Тут у Вас уже и речи нет о чуткости к разным нравственным призывам. ВК выполнению не одной, а всех моральных заповедей. Нет, речь идёт только о верности своим взглядам, все остальные нравственные призывы оцениваются лишь как человеческие слабости, как зло. Всё страшно сужено до единственного завета: отречение от веры нехорошо!

Если в человеке борются несколько нравственных призывов (так чаще всего и бывает) и он, как в Вашем примере Акоста, отказывается от выражения своих взглядов ради счастья любимой девушки, он нарушает этим мораль не больше, чем Спиноза, отказавшийся от любви ради свободы философствования. И Акоста, и Спиноза поступили по-разному, но оба - и нравственно и безнравственно одновременно, потому что совершенно нравственным решением было бы соединение в своей жизни обеих заповедей: свободы убеждения и любви к ближнему.
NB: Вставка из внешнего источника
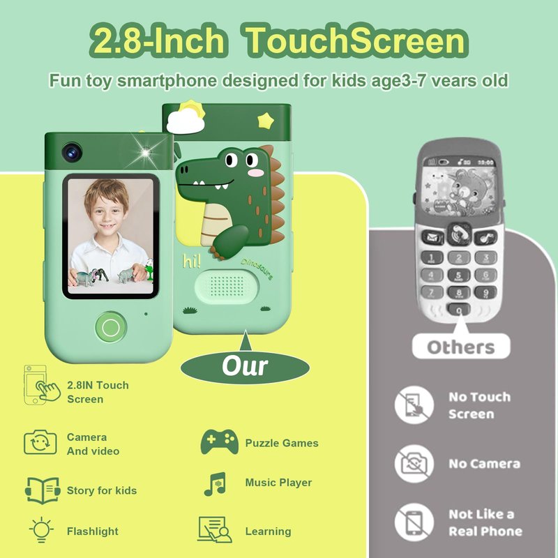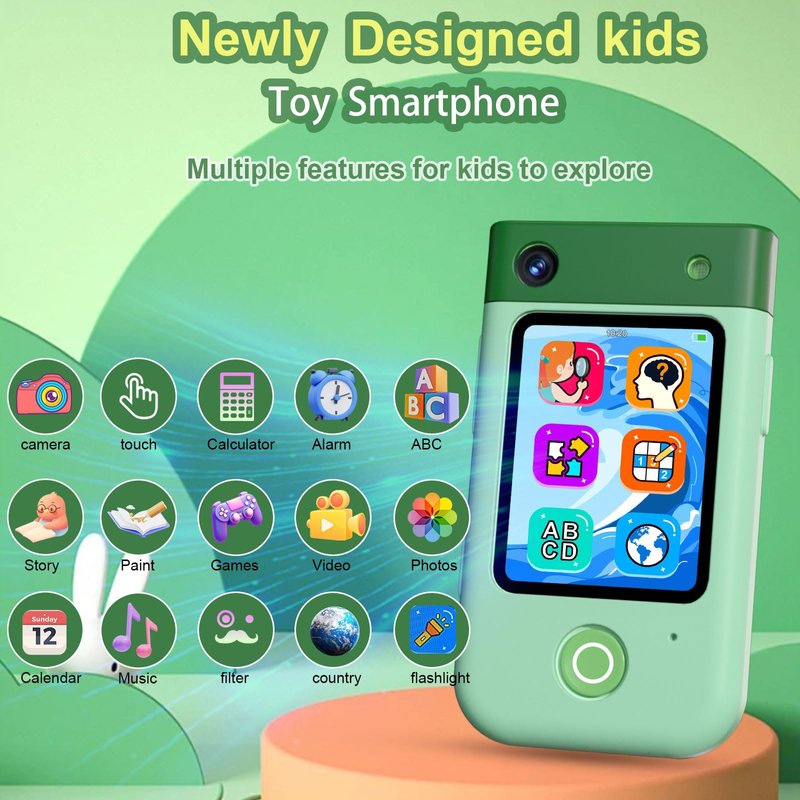 - [Multi-functional Kids Toy Phone] Touchscreen kids phone rich features, easy to use. Wide range of entertainment and learning options, such as puzzle games, music, ABC learning themes,story etc, and equipped with useful gadgets that children need, such as recorder, calculator, calendar, alarm clock, torch, etc. Kids toy cell phones, all in entertainment and learning, are designed for kids aged 3-12 years old.
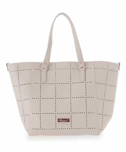 【ブロックチェック柄】【インポーチ付き】パンチングトートバッグ『カエラ』 ライトグレー フリーサイズ
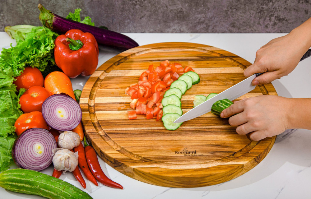 BEEFURNI offers a wide range of wooden products that can definitely answer the needs of home organization and decoration lovers. Crafted from high quality natural wood, our products include wooden racks, shoe racks, stools and kitchen supplies such as cutting boards and wooden utensils. Not only do they highly functional, the minimal yet trendy designs of our products make them a great décor for your beloved houses. This round cutting board is made of 100% teak wood that is strong and durable. It's designed to have an extra wide juice groove that allows juices, oil or loose pieces of food to sit and pool, to reduce spills while cutting and keeping your kitchen and dining areas clean. It also comes with a hand grip design for a better grab without slipping.
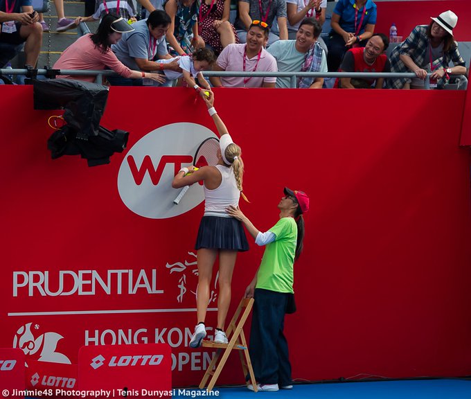 В благодарность Ястремская задержалась после матча, чтобы раздать автографы болельщикам и даже попросила у работников арены стул, чтобы дотянуться до маленькой фанатки и лично в руки передать подписанный мяч: —
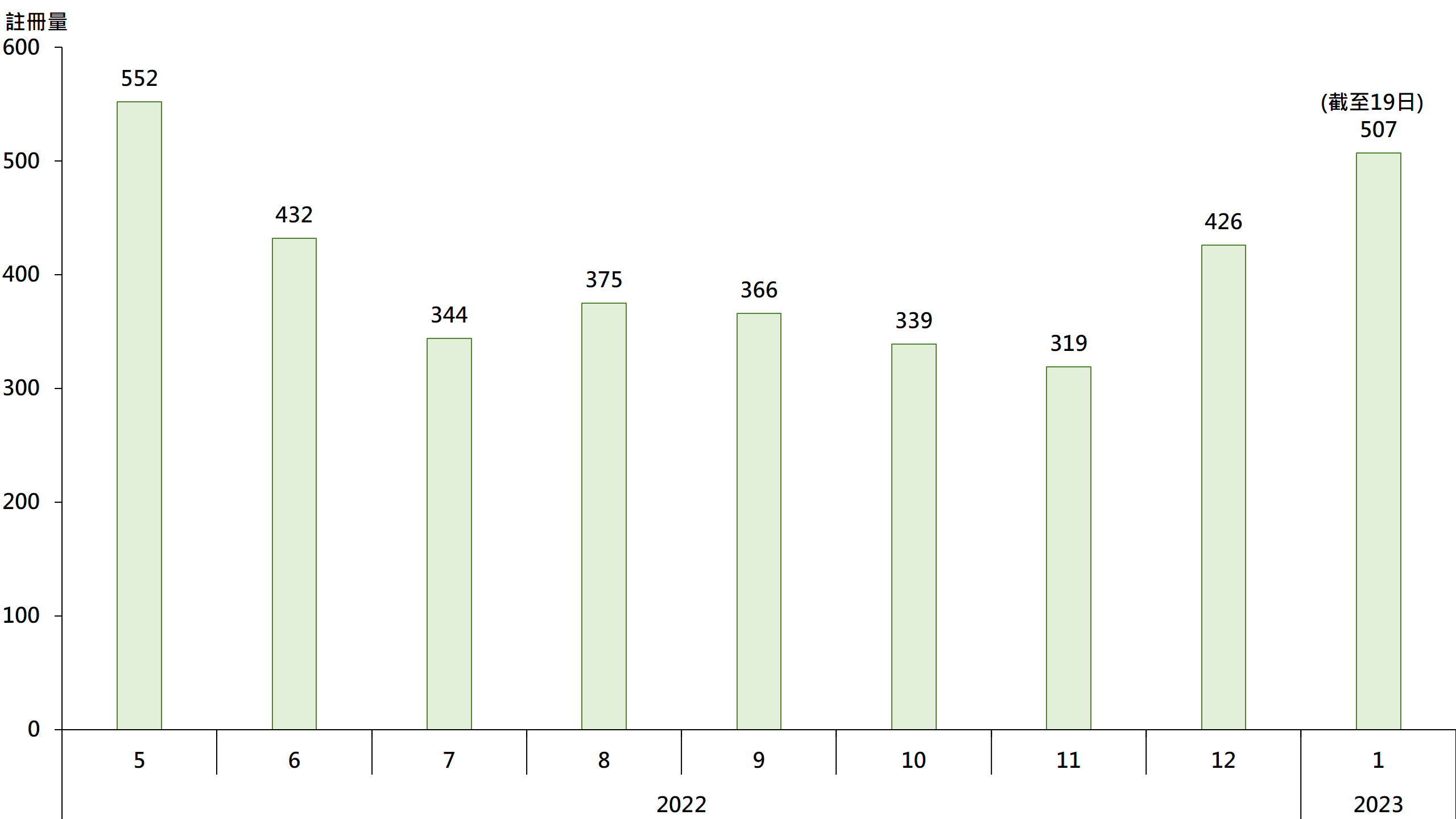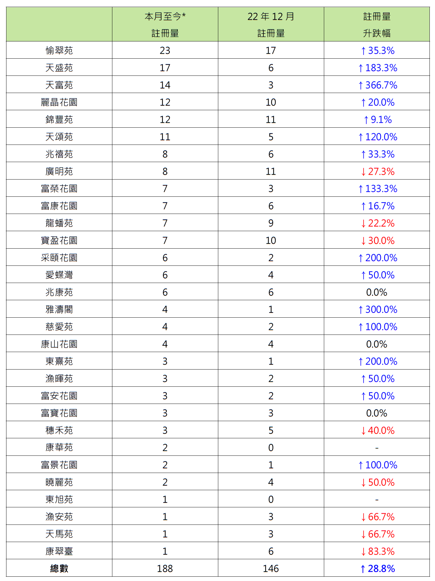 本月至今表現較好的屋苑中,天水圍天富苑錄得14宗註冊,已較12月全月的3宗高出近3.7倍;黃竹坑雅濤閣錄4宗註冊,已較12月全月的1宗高出3倍;新蒲崗采頤花園及筲箕灣東熹苑分別錄6宗及3宗註冊,同樣較12月全月高出2倍。

Стремиться следует не к выбору одного и отречению от всего остального, как к слабости, а к нравственно полноценной жизни, гражданской, трудовой и семейной одновременно.

Сейчас Вы стали прославлять Спинозу в осуждение Акосте, но это и есть Ваше отречение от себя прежнего в пользу «фанатизма одного долга», «ангела с пеной на губах», «самого страшного исчадия добра». Это становится совершенно очевидно, когда родоначальника новой науки Галилея Вы ставите рядом и даже ниже фанатичных монахов (оставим в стороне, что Дж. Бруно был гораздо сложнее Вашего описания, больше подходящего к Т.Кампанелле). Что и говорить, твёрдость и мужество в мученичестве всегда импонируют людям. Только надо видеть, что именно отстаивают монахи и куда они зовут своим примером.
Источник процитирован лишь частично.